Industrialized states have been called on to begin amassing funds in 2020 in the amount of at least USD 100 billion annually and transfer technologies to assist developing countries in their efforts to curb global warming. After 2025, this sum should be increased to meet their growing needs and priorities. The distribution of these funds should be taken up by the Green Climate Fund set up by the UN in 2010. However, this decision prescribed by the Paris Agreement has not been supported by clear-cut distribution mechanisms and obligations of the industrialized nations.

During the Paris Conference, new contributions were pledged by France, which is ready to raise its annual input from three to five billion dollars, as well as by Spain, Germany and Canada. The World Bank undertook to bring up its share to USD 16 billion by 2020 [23].
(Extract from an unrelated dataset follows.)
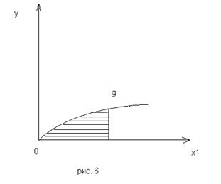 Поведение линии g отражает то обстоятельство, что с ростом затрат первого ресурса объём выпуска y растёт, но каждая дополнительная единица первого ресурса обеспечивает всё меньший прирост выпуска y.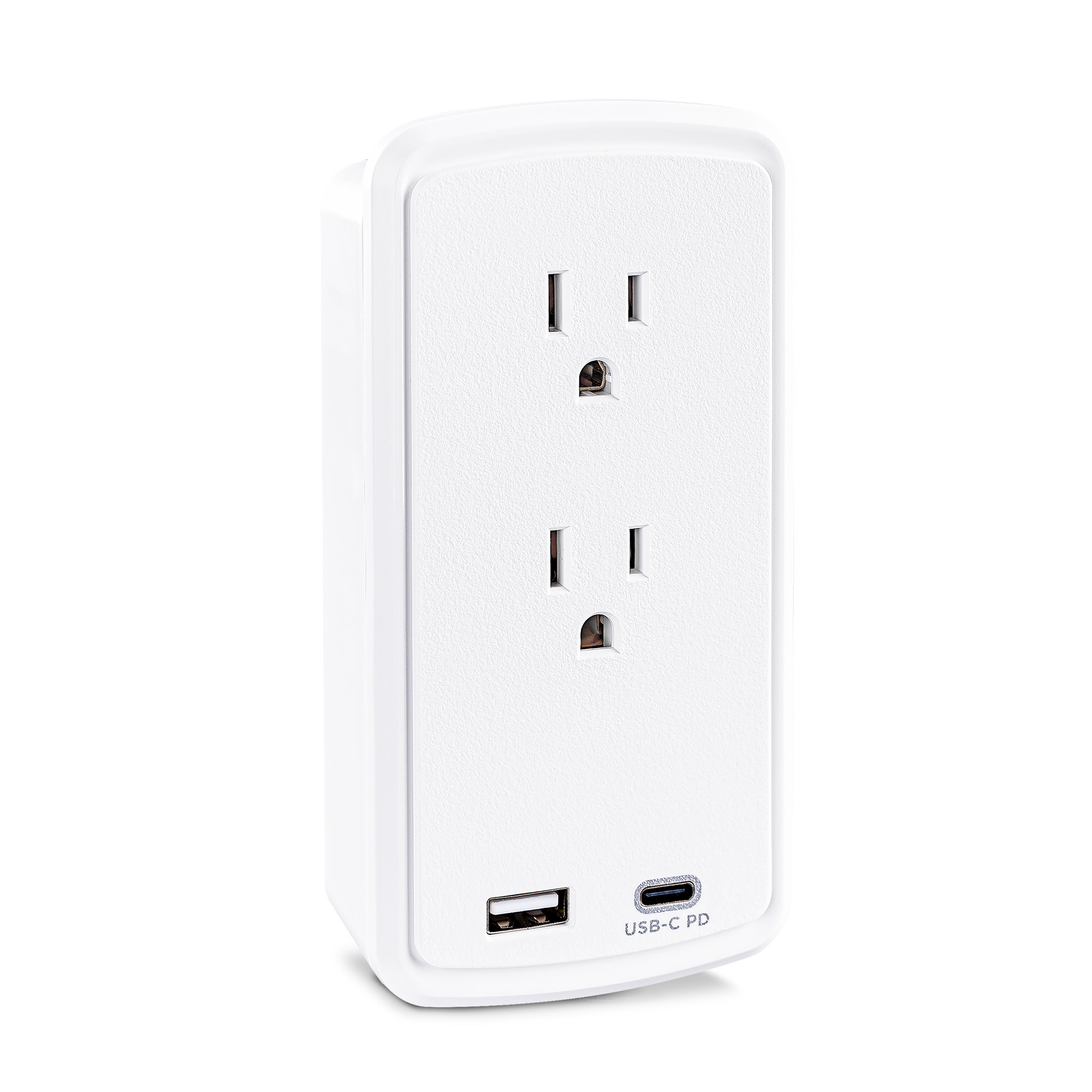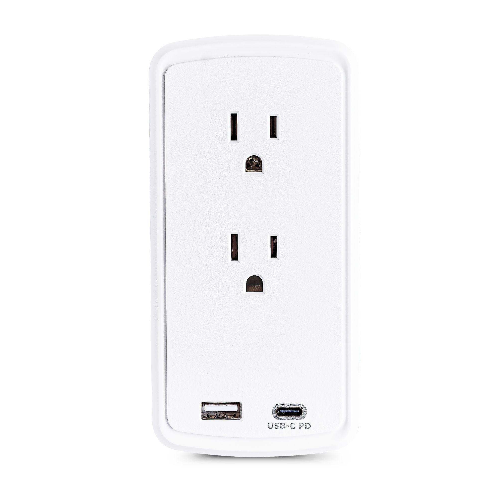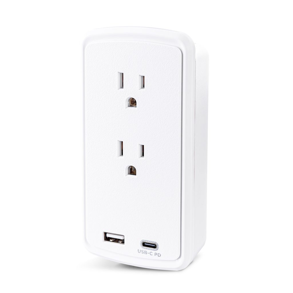 The P2WUCHD Wall-tap Surge Protector with USB safeguards common home and office devices, such as computers and electronics, by absorbing spikes in energy caused by storms and electrical power surges. It provides 500 joules of protection, has 2 surge-protected outlets and a wall tap plug. One USB-A port (2.4 Amp) and one USB-C port (18W PD) charge mobile, USB enabled devices. The P2WUCHD also features EMI/RFI noise filtering, an impact-resistant casing, and an integrated device shelf on top of the unit for convenient charging and cord management.

Russia has spectacularly augmented the Paris Agreement with the text on the key role on forests (Article 5) in absorption of greenhouse gases, which has been vital for Moscow in view of its input in fulfilling obligations for cutting anthropogenic emissions, since the area of Russian forests makes about 8.5 million square kilometers [24].

Under the Paris Agreement, a special task force will be soon formed to prepare for the document to come into effect, which will be followed by work on ratification. The document will become effective after ratification by 55 states emitting about 55 percent of global GHGs.

The new agreement is legally binding but contains no specific goals for decreasing emissions that are listed in a special UN register. To restrict the rise in the Earth’s temperature, all countries will have to develop long-term strategies for low-carbon development, with the initial report to be presented in 2022, as well as present plans for adjusting to climate change. This approach opens a way to have the document ratified by the United States through a direct presidential signature bypassing Senate.

The Paris Agreement also creates a new international instrument to replace the clean development mechanism and joint projects of the Kyoto Protocol era. The new sustainable development arrangement allows countries to finance projects on reducing emissions in other countries without the differentiation between industrialized and developing members. However, in contrast to the Kyoto Protocol that distributed the GHG emission quotas between industrialized countries and allowed direct trading and financing discharge reduction in other countries, the new mechanism will not be openly market-oriented. In fact, the reduction of emissions will be combined with sustainable economic development taking into account socio-ecological aspects.

The fulfillment of the Paris Agreement and relevant obligations of the parties appears increasingly urgent because of the noticeable accumulation of harmful climatic manifestations in recent years, among them natural disasters, glacier melting, etc., while the causes include higher reliability of scientific hypotheses proving the dependence of the climate change on manmade GHG emissions, the rising role of the climate change in international security, accumulating economic damage caused by climatic effects, and the proneness of key states to decrease the energy and carbon consumption of their economies (GHG emissions per GDP unit) due to energy shortage.

The member countries are in for difficult and painstaking work within the UN framework to make a future climate-related cooperation regime exceptionally effective and reflect the current realities and interests of the entire global community.